Trey Jones, 24/07/2015 23:16:
I've partially analyzed a sample of 100K zero-result full_text searches against enwiki, over the course of about an hour
Great! Can't wait for the same across all languages.
*TL;DR Summary: If these patterns hold for another sample (and across languages), we should be able to get some decent mileage out of these simple approaches:* *- find sources of weird patterns and either ignore them, or contact the source and redirect them to a more appropriate destination* *- use language or character set detection to redirect queries to other wikis*
Yes, that's the most important one. Crosswiki searches are possible with Cirrus: https://phabricator.wikimedia.org/T46420
T26767 may go a long way and T3837 may be fixed by following the same approach as for sister projects (boxes on Special:Search for crosswiki results).

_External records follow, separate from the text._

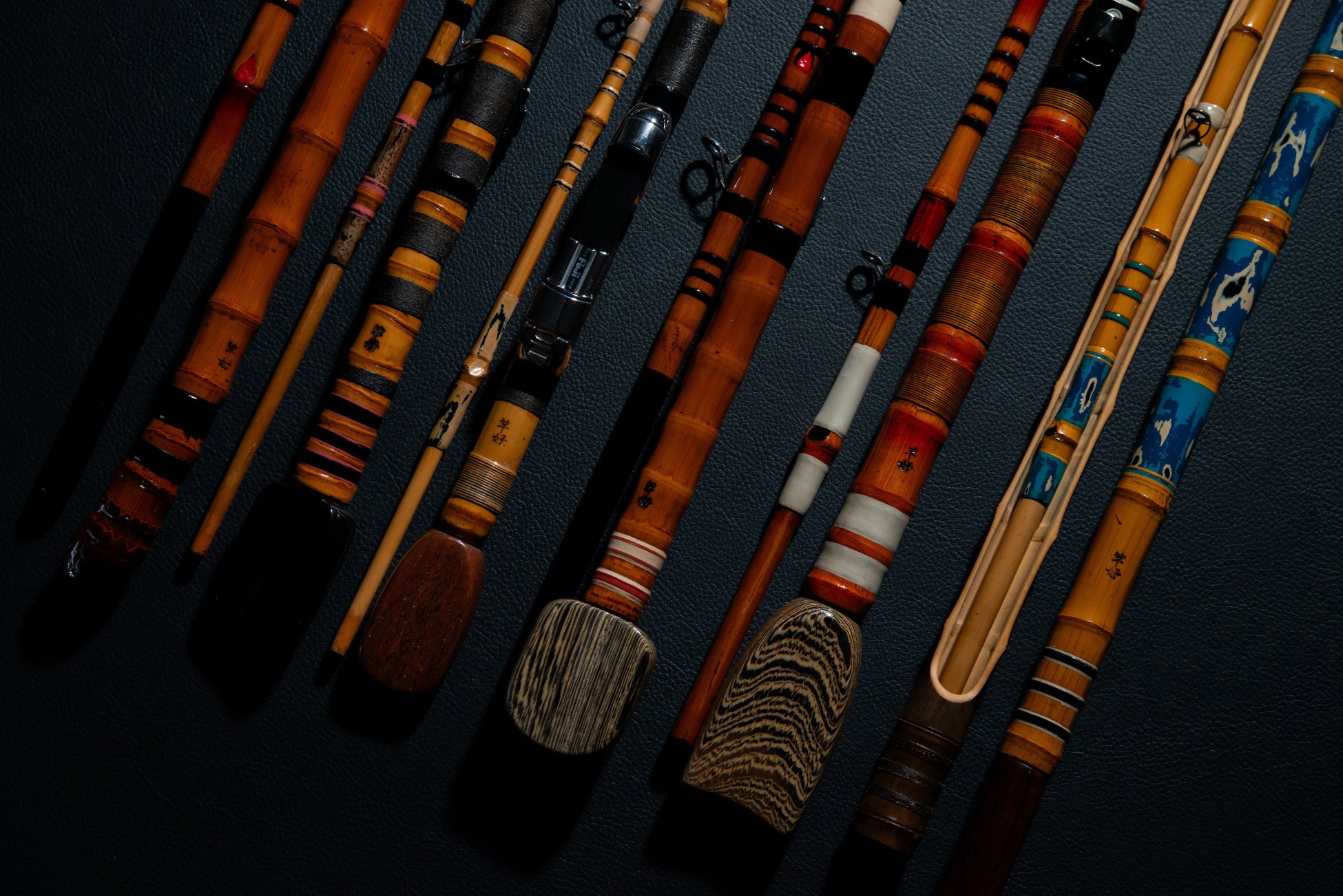 和竿とは主に竹や漆を使用して製作される日本の伝統的な釣り竿のことで、川や海の対象魚によって様々な種類があります。製作には100以上の工程があり、選りすぐられた竹を収穫したのち、乾燥や各工程を経て完成まで3年以上の時間がかかる手作業で製作された釣り竿です。「和竿の使い心地や釣り味は、他の素材では再現できない」という根強いファンも多く、竿師の目利きや竹を加熱する「火入れ」などの確かな技術によって生み出された完成品には1つとして同じものはありません。現在は後継者不足により、その技術の継承が問題となっています。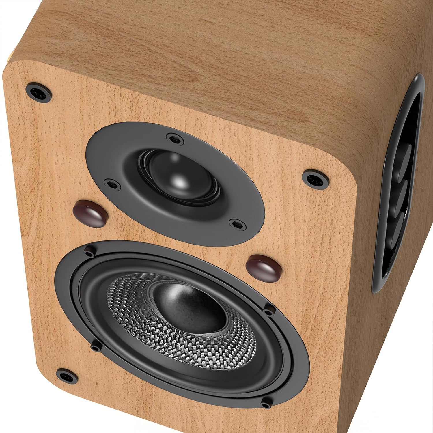 【Transient Natural Bass Speaker】Our stereo speakers feature 4-inch bass unit optimizes airflow, effectively connecting the wood fiber sound pot with the solid wood paneling on the outside of the cabinet.The opening of the bass unit inside the cabinet is larger than the standard design, making the sound effect more natural and the audio response smoother and fuller.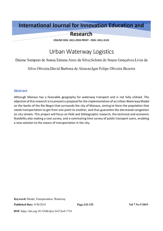 objective of this research is to present a proposal for the implementation of an Urban Waterway Modal

*- filter the term "quot" from queries*
quot or " ? Som
*- filter 14###########: from the front of queries*
UNIX time? 1437794758
*- replace _ with space in queries*
Do you have actual URL of the search? [[Special:Search/this_format]] is supposed to ignore underscores already.
Also, a full text search URL containing "search=" but not "fulltext=" is first of all a title search (the aim is to be redirected to the title if it exists).
- lots of queries for books, articles, movies, tv, mp3s, and porn (in
multiple languages)
Titles and other proper names are perfect for crosswiki search!
For the incremental searches, do we know if all browsers which integrate a Wikipedia search bar use the correct API for suggestions?
Nemo